* Task directions
Below are some entries. Transcribe the lines from the one holding "Pak jsme se" to the one holding "随后,圆桌论坛环节由中山大学", inclusive, but not the pictures among them.

***** Data *****

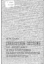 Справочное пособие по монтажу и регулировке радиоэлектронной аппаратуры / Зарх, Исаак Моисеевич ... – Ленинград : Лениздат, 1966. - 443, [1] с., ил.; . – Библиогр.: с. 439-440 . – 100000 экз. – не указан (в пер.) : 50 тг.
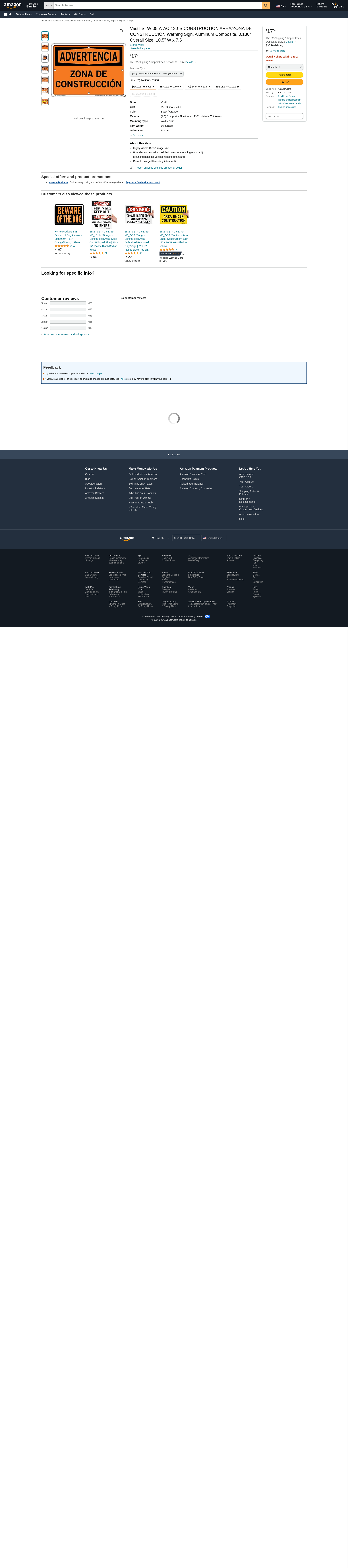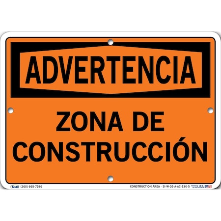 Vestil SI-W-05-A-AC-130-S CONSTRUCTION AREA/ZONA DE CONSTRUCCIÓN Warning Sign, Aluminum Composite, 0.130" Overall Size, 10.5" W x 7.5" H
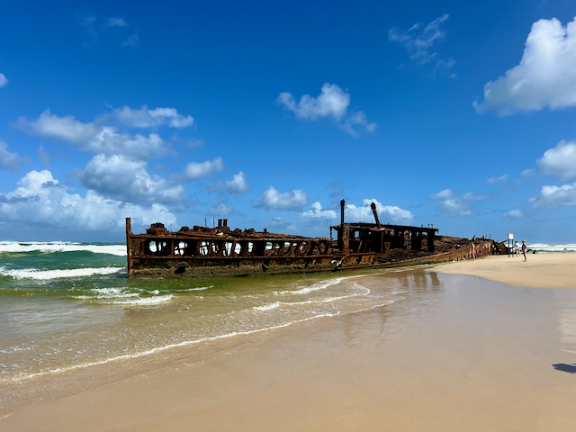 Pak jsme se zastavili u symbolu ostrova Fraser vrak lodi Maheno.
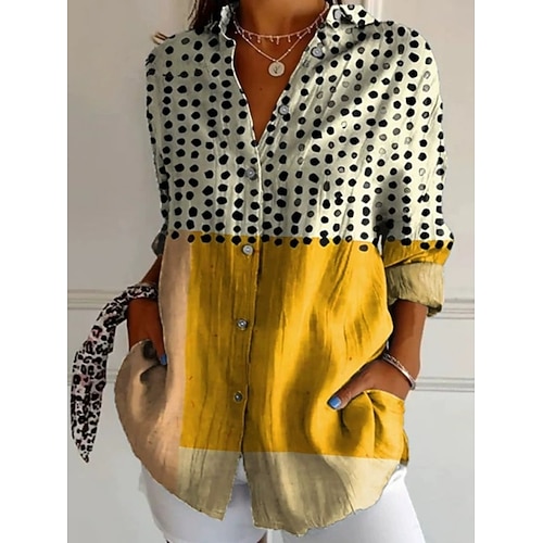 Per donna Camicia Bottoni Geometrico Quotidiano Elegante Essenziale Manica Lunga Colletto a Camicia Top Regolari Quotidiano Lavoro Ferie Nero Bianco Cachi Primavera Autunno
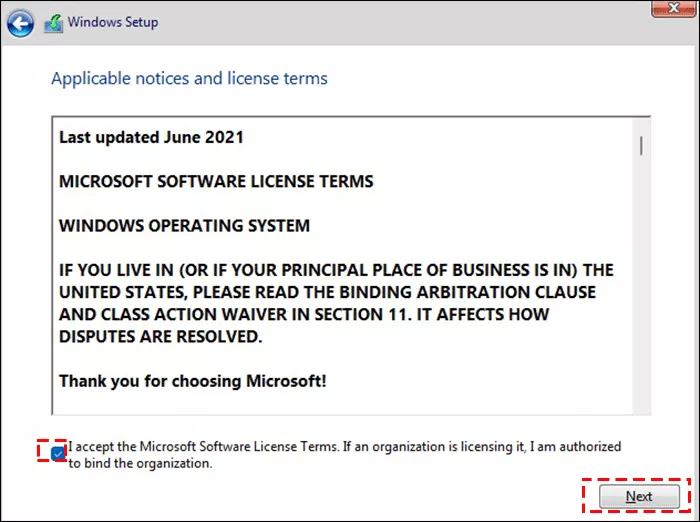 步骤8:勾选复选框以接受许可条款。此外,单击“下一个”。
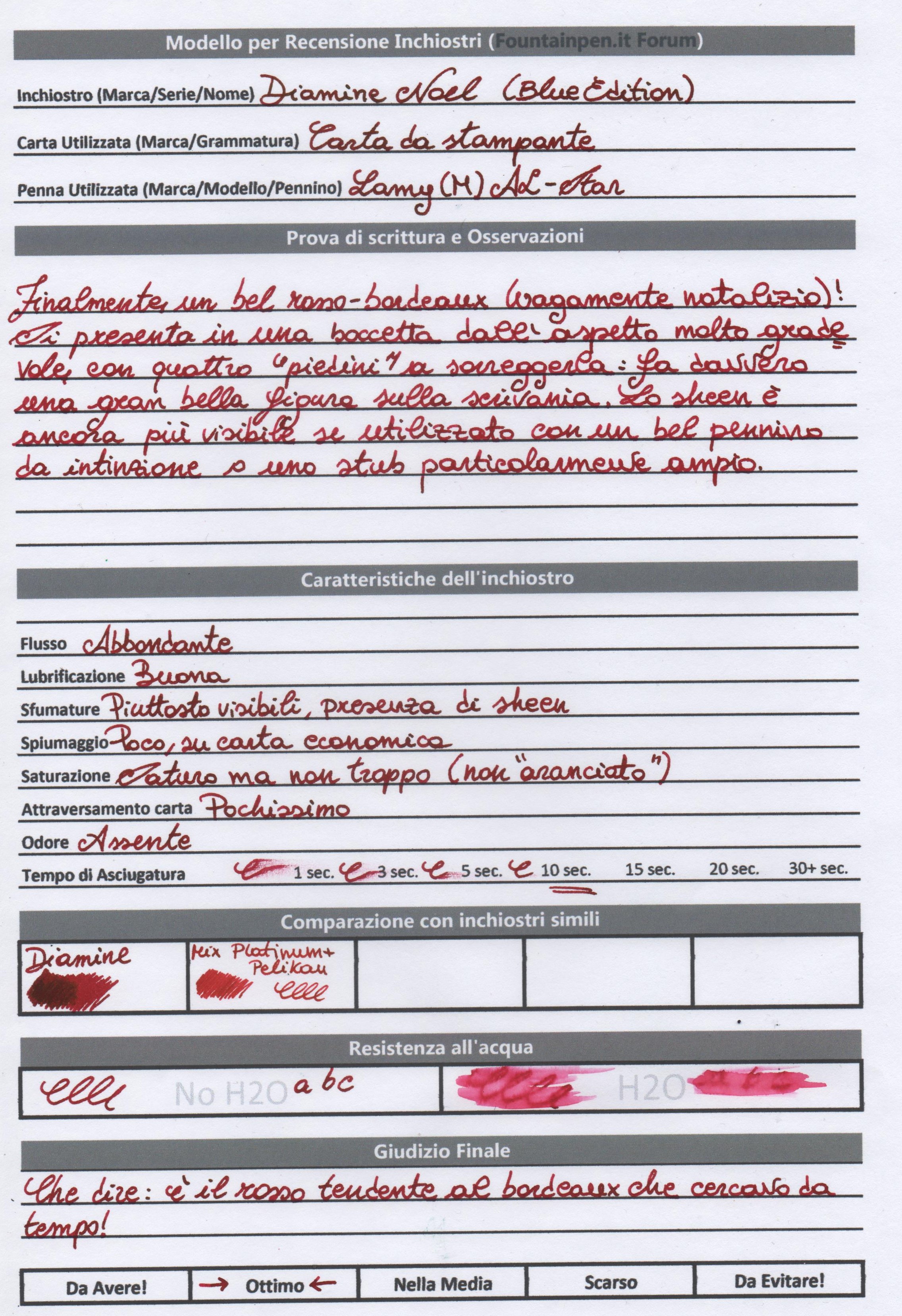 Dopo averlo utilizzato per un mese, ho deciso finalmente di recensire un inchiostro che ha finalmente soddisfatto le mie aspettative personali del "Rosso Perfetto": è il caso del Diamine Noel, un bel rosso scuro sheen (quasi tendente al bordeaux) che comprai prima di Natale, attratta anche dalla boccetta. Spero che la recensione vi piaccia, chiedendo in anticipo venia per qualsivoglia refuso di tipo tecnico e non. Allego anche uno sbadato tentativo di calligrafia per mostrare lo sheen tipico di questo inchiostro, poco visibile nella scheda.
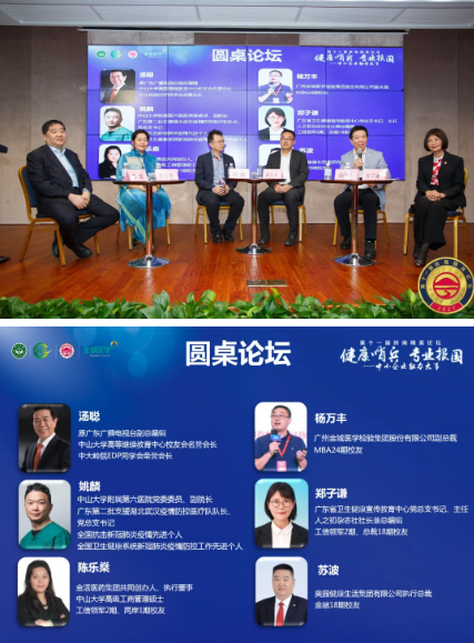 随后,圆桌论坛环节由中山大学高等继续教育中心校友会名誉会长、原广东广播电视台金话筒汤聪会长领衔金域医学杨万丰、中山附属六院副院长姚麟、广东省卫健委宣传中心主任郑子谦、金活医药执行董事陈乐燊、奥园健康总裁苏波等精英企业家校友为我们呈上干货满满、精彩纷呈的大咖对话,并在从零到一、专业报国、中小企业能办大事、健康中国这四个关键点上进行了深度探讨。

*****
***** Data *****

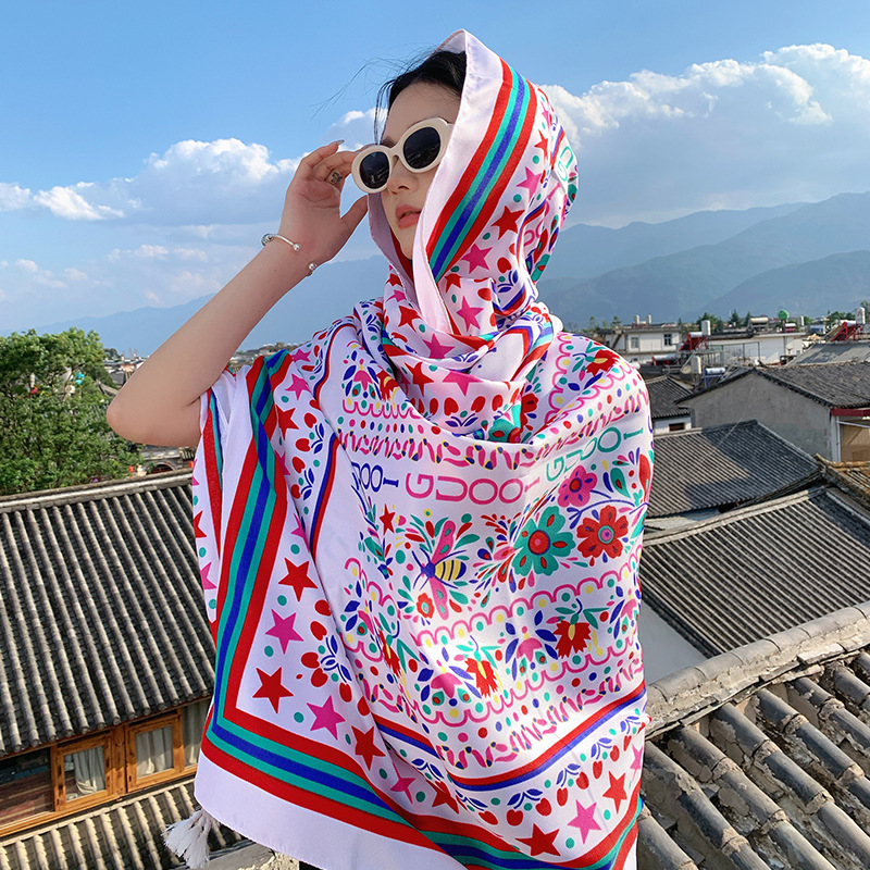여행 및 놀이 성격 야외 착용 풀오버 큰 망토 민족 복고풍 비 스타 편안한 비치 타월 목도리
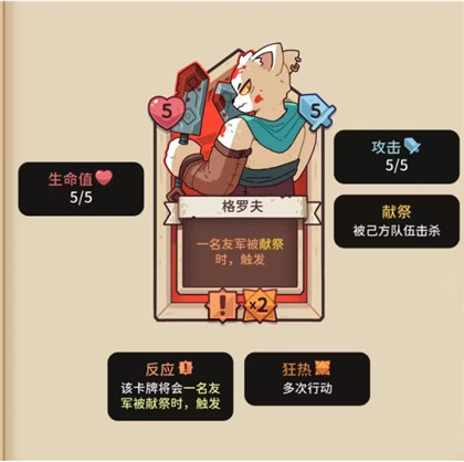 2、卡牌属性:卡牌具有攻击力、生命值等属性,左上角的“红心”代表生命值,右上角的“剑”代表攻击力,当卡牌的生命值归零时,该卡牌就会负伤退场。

*****

* Solution to this exercise
 Pak jsme se zastavili u symbolu ostrova Fraser vrak lodi Maheno.
 Per donna Camicia Bottoni Geometrico Quotidiano Elegante Essenziale Manica Lunga Colletto a Camicia Top Regolari Quotidiano Lavoro Ferie Nero Bianco Cachi Primavera Autunno
 步骤8:勾选复选框以接受许可条款。此外,单击“下一个”。
 Dopo averlo utilizzato per un mese, ho deciso finalmente di recensire un inchiostro che ha finalmente soddisfatto le mie aspettative personali del "Rosso Perfetto": è il caso del Diamine Noel, un bel rosso scuro sheen (quasi tendente al bordeaux) che comprai prima di Natale, attratta anche dalla boccetta. Spero che la recensione vi piaccia, chiedendo in anticipo venia per qualsivoglia refuso di tipo tecnico e non. Allego anche uno sbadato tentativo di calligrafia per mostrare lo sheen tipico di questo inchiostro, poco visibile nella scheda.
 随后,圆桌论坛环节由中山大学高等继续教育中心校友会名誉会长、原广东广播电视台金话筒汤聪会长领衔金域医学杨万丰、中山附属六院副院长姚麟、广东省卫健委宣传中心主任郑子谦、金活医药执行董事陈乐燊、奥园健康总裁苏波等精英企业家校友为我们呈上干货满满、精彩纷呈的大咖对话,并在从零到一、专业报国、中小企业能办大事、健康中国这四个关键点上进行了深度探讨。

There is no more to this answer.